Szewczak o Przywieczerskim: Myślę, że on był bardziej wykonawcą. Na pewno nie był to jedyny mózg tej operacji!
Jeśli on (Przywieczerski) jest Napoleonem, to ciekawe kto był cesarzem! To była matka afer, ale również wzorzec na rabowanie państwa Polskiego - powiedział dla Telewizji Republika Janusz Szewczak, poseł Prawa i Sprawiedliwości.
Afera Amber Gold
Dzisiaj o godz. 12 sejmowa komisja śledcza ds. Amber Gold ma rozpocząć przesłuchanie Tomasza Arabskiego b. szefa kancelarii premiera Donalda Tuska; będzie to drugie podejście do przesłuchania tego świadka.
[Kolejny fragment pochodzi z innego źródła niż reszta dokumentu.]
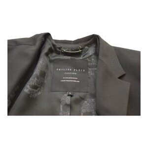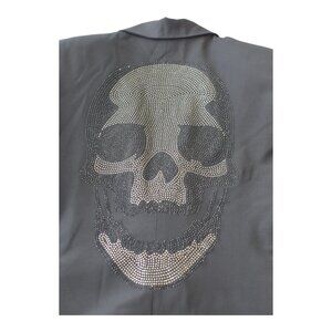 Philipp Plein Couture Black Tailored Blazer Crystal Embellished Skull Back sz L

– To człowiek, który zna wiele tajemnic afer z czasów rządów PO-PSL. To Donald Tusk podejmował ostateczne decyzje, ale pan Arabski z pewnością ma wiele na sumieniu. Każdy z świadków był ważny w tej sprawie – mówił nam Janusz Szewczak.
– Być może były wtedy takie decyzje ówczesnych władców, aby nie reagować. Może każdy miał w tym interes. Platforma miała totalne poczucie bezkarności, wydawało im się, że wiecznie będą stać u władzy. Tych afer było wiele – mówił poseł PiS.
AFERA FOZZ
Dariusz Przywieczerski, nazywany "mózgiem afery FOZZ", po 13 latach od wyroku trafił do zakładu karnego. 72-letni dziś biznesmen został w sobotę deportowany z USA do Polski.
– Jeśli on jest Napoleonem, to ciekawe kto był cesarzem! To była matka afer, ale również wzorzec na rabowanie państwa Polskiego. Mieliśmy szereg wielu afer. (…) W końcu lat 80 zbierałem dokumenty do pracy doktorskiej. (…) Znalazłem fakty, które budziły moje zdziwienie. Otrzymywaliśmy jako państwo po kilkadziesiąt miliony kredytu i nie wiadomo gdzie te pieniądze były lokowane. (…) Szybko zdałem sobie sprawę jak bardzo niebezpieczna jest ta wiedza. (…) Dobrze, że polski rząd jest konsekwentny i sprowadził do Polski pana Przywieczerskiego – mówił Szewczak.
ROLA PRZYWIECZERSKIEGO
– Myślę, że on był bardziej wykonawcą. Na pewno nie był to jedyny mózg tej operacji – ocenił Szewczak.
– Powinien zostać sprawiedliwie ukarany. Pytanie czy pan Przywieczerski będzie chciał podzielić się tą ogromną wiedzą, którą posiada – dodał.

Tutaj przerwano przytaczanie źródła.